= Darryl Kyte =

Darryl Kyte is a lawyer, writer, producer and television personality in Canada. Kyte hosted the Canadian Broadcasting Corporation's International Emmy and Gemini award winning show Street Cents and has worked as a journalist and producer for a number of other CBC news television programs.

==Early life and education==

Born in Toronto, Ontario, Kyte attended Leaside High School. Kyte holds honours journalism and economics degrees from the University of King's College and Dalhousie University and a law degree from the Schulich School of Law at Dalhousie University.

==Career==

Kyte began working with Street Cents in 2000 appearing as 'Darryl the intern' on multiple episodes. In 2001 Kyte became a host of the show, a position he held for four seasons. Kyte’s co-host Kim D'Eon (2000–2003) appeared on Entertainment Tonight Canada. Kyte’s other co-hosts Alison Dixon (2003–2005) is currently a medical doctor and Connie Walker (2001–2004) continues to work with the CBC.

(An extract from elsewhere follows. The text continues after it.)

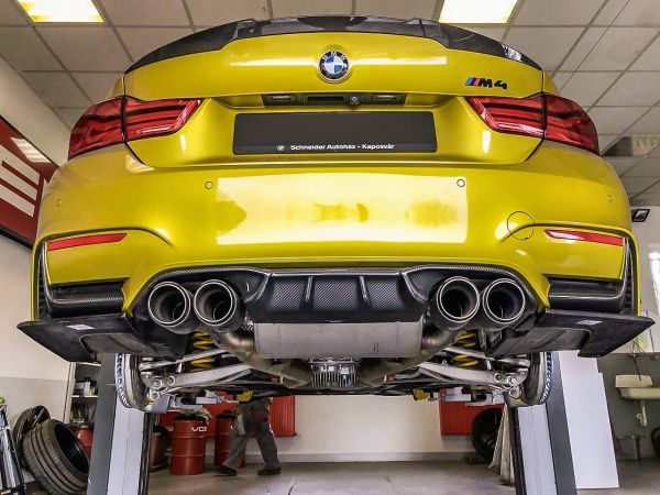 Lépjünk is tovább, hol finomítható még egy ilyen szintű autó? Hát például a kipufogónál. Az okkult tuning egyik mai sztár gyártója az Akrapovic. Nagyon klassz holmikat dobnak a piacra, az M4-hez is kínálnak teljes készletet. Esetünkben a végdobot (és csöveit), valamint a rendszer középső részét cserélték. A végdob „Slip-On Line” néven fut, titániumból készül, így 3 kg-mal könnyebb a gyári acéldobnál. Fojtószelep-szabályzású, ezzel módosítható a torlónyomás, illetve párhuzamosan a kipufogó hangzása. A középső szakasz tartalmaz egy kis dobot, de a gyárinál kisebb az áramlási ellenállása. Az Evolution Link névre hallgató középrész is titánötvözet, 4,1 kg-mal könnyebb a gyárinál. A gyártó szerint a két kipufogótaggal 17,5 LE teljesítmény és 33,4 Nm nyomaték szabadítható fel. Gábor megerősítette, hogy ez valóban így van, de egy 431 lóerős autó esetén még virtuózabb utcai használat esetén sem azonosítható a többlet. Ahhoz versenypálya, profi sofőr és stopper kell.

Kyte has worked around the world as a writer, reporter and producer for CBC’s the National, various regional newscasts and CBC Sports. Kyte has also taken part in a number of independent television programs including That News Show on TVtropolis and international health and medical media Freddie Award winning video P.A.R.T.Y.

Kyte articled and practiced at one of North America’s top music law firms.